Education

Camera Review: Fujifilm X-T10

I recently attended a convention here in Atlanta called Dragon Con. Dragon Con is a 4+ day gathering of fans for pretty much any media genre you can think of — from anime to cosplay to television series. If you are a fan of some media format, then you will find someone – a lot of someone’s – that share your joy. Dragon Con has the distinction of being one of the largest, if not the largest fan driven convention in the United States and probably the world. People come in from literally all over the world to attend, and the volunteers that run the various tracks workhundreds of (unpaid) hours each year – not including the time spent at the con working – to make each year come together. This year, somewhere between 80,000 and 85,000 people attended the convention, and I was one of those thousands.

This is my 15th year in attending the con, and for the past 5 or 6 years I’ve not had a lot of time to spend at the con (due to work or money reasons), so I’ve not taken a camera with me, just my phone to take a few candid and spur of the moment photographs. I know, I hear the booing, I wasn’t happy about it either.

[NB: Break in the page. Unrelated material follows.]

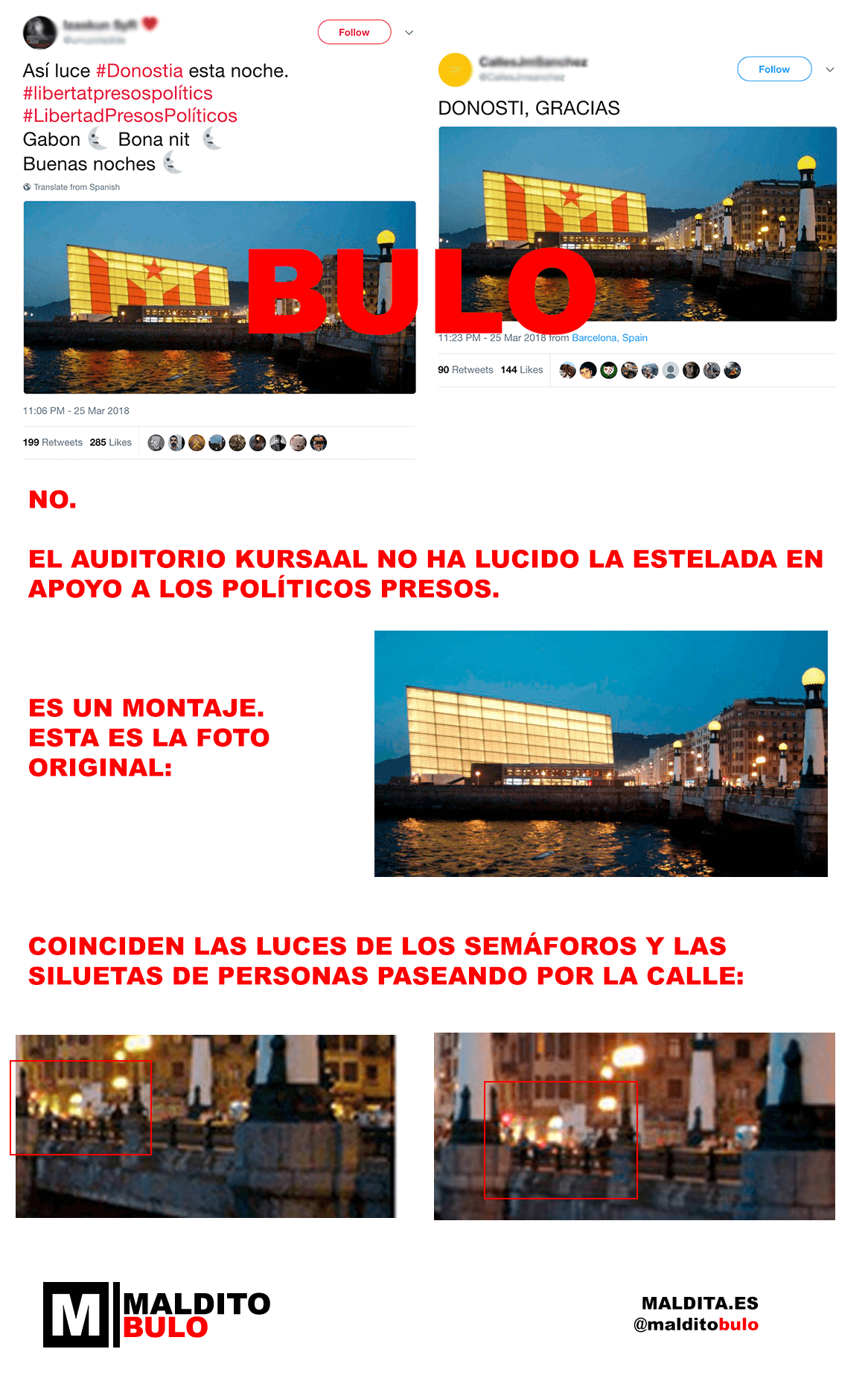 «El auditorio Kursaal ha lucido la estelada en apoyo a los políticos catalanes presos»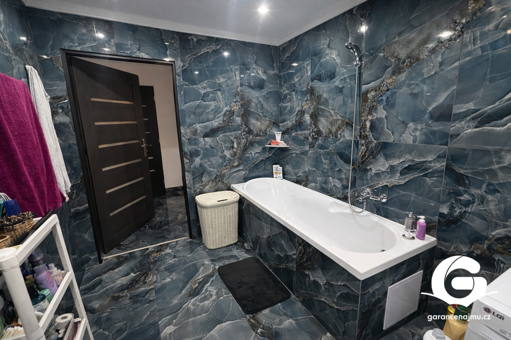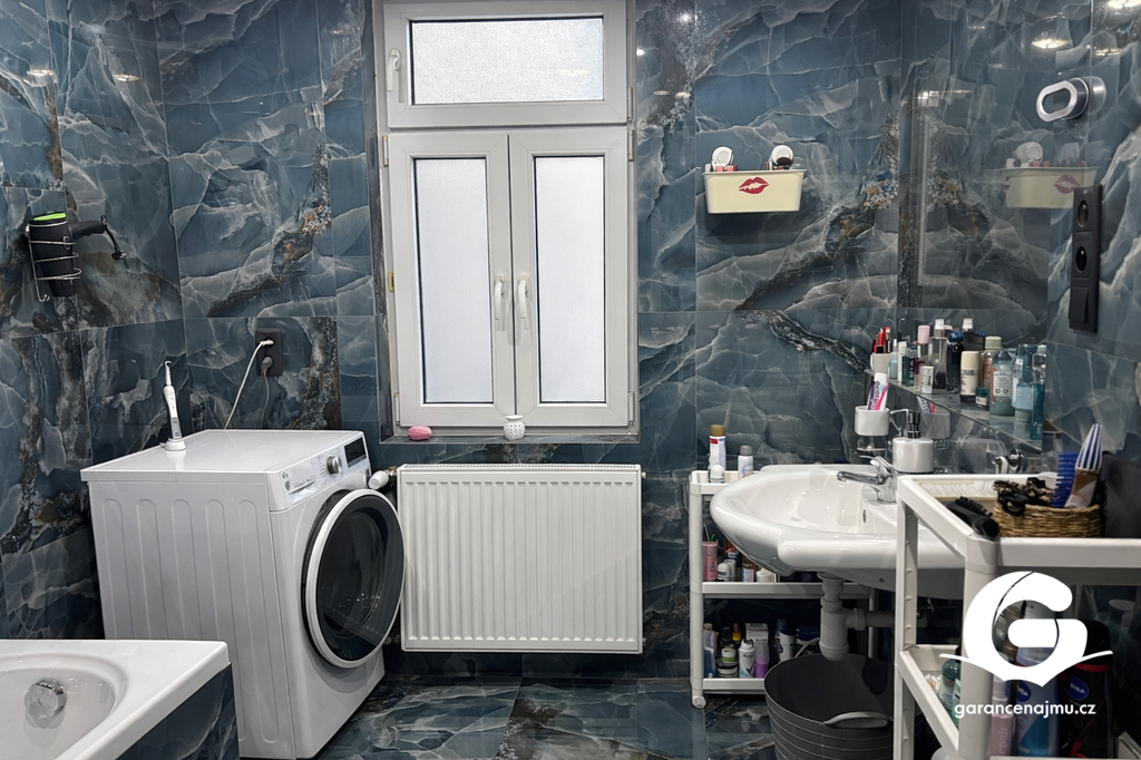 Byt má samostatnou toaletu a koupelnu s vanou. Je nabízen bez nábytku a po rekonstrukci, takže je připraven k nastěhování. Pod domem jsou k dispozici dvě parkovací místa.

The camera I took with me this year was the Fujifilm X-T10 mirrorless camera along with the Fuji 18-135mm f/2.8-4 lens. Thinking I might need a little assistance when shooting in the hotels, I also brought along the Nissin i40 flash, but never really found myself wanting to use it. The camera was so tuned in to the available light, and the lens was so good at pulling in every bit that was there, that I didn’t really feel the need to use it. If  I had a good diffuser of some sort, I may have used it to put some indirect light on my subjects, but I was happy with the way the pictures came out.


I really liked this camera over all. The ease of use, the speed at which it focused and fired, the easily understood menu, and the way it just made capturing images so effortless were all wonderful features. In many ways, this is the best camera I’ve ever used.

My only issue with the camera, and this is probably something I’ll run into with most all the mirrorless camera systems, is how small it is. I have above average sized hands, not enormous, but not very small either, and this led to me constantly hitting the menu button on the back of the camera with my thumb as I brought the camera up to my eye. It wasn’t a huge issue, as I had set the camera to only display via the viewfinder, but if I had been shooting via live view it might have caused an issue. I think that if I had more time to get used to the camera I would’ve likely figured out how to maneuver the body around without hitting that button in a short period, but as I only had the camera for a few days, I never really gave myself the time to get used to it.

All in all, I would have to give this camera a big thumbs up! The ease of use, the fast autofocus, and the tremendous light gathering capability of the sensor (even when used inside!), make this camera a fantastic camera for any user. The lens was just about perfect for every situation I put it in, and it pulled lots of light under the most adverse of situations. My giant hands notwithstanding, I think that this is a great system and would not hesitate to use this gear again. Finding a way to handle this camera without issue wouldn’t take me long at all!